The effect of modafinil following acute CPAP withdrawal: a preliminary study

Shaun C Williams, Naomi L Rogers, Nathaniel S Marshall, Stefanie Leung, Graham A Starmer, Ronald R Grunstein
Sleep & Breathing 2008, 12 (4): 359-64
Daytime symptoms resulting from obstructive sleep apnea (OSA) include impaired neurobehavioural performance and increased sleepiness. Continuous positive airway pressure (CPAP) reduces these symptoms. However, even compliant users may temporarily withdraw from CPAP treatment resulting in an immediate return of OSA. It has been hypothesised that these treatment "holidays" may be associated with neurobehavioural decline. Acute administration of a wakefulness promoter during such treatment "holidays" may help maintain neurobehavioural functioning. We examined the effects of 200 mg modafinil on neurobehavioural performance in a placebo-controlled crossover trial including N = 12 OSA patients acutely removed from CPAP. Sleep-wake activity was assessed for four consecutive days on CPAP and one night off CPAP using actigraphy. During the night off, CPAP patients wore a single channel nasal airflow diagnostic device. On the morning after CPAP withdrawal, patients reported to the laboratory and were administered either modafinil (200 mg) or placebo.

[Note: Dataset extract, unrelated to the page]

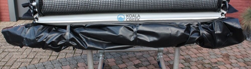 - Op de 4 cover kanten zitten 2 spanbanden voorzien van sterke UV proof nylon click-in gespen.

At 2 h post-administration, patients completed a single simulated drive of approximately 30 min with simultaneous administration of a divided attention task (STISIMtrade mark), critical flicker fusion (CFF) test and subjective sleepiness scales. After a 14-day washout, participants repeated the protocol. CPAP withdrawal was associated with a worsening of sleep efficiency and the movement and fragmentation index (MFI), compared to the on-CPAP nights (all p < or = 0.02). Modafinil did not result in a superior driving simulator performance or CFF responses the morning after CPAP withdrawal but did result in better subjective sleepiness (both p < or = 0.04) compared to placebo. These data do not support the use of modafinil for the maintenance of daytime functioning in patients with OSA who are acutely withdrawn from CPAP.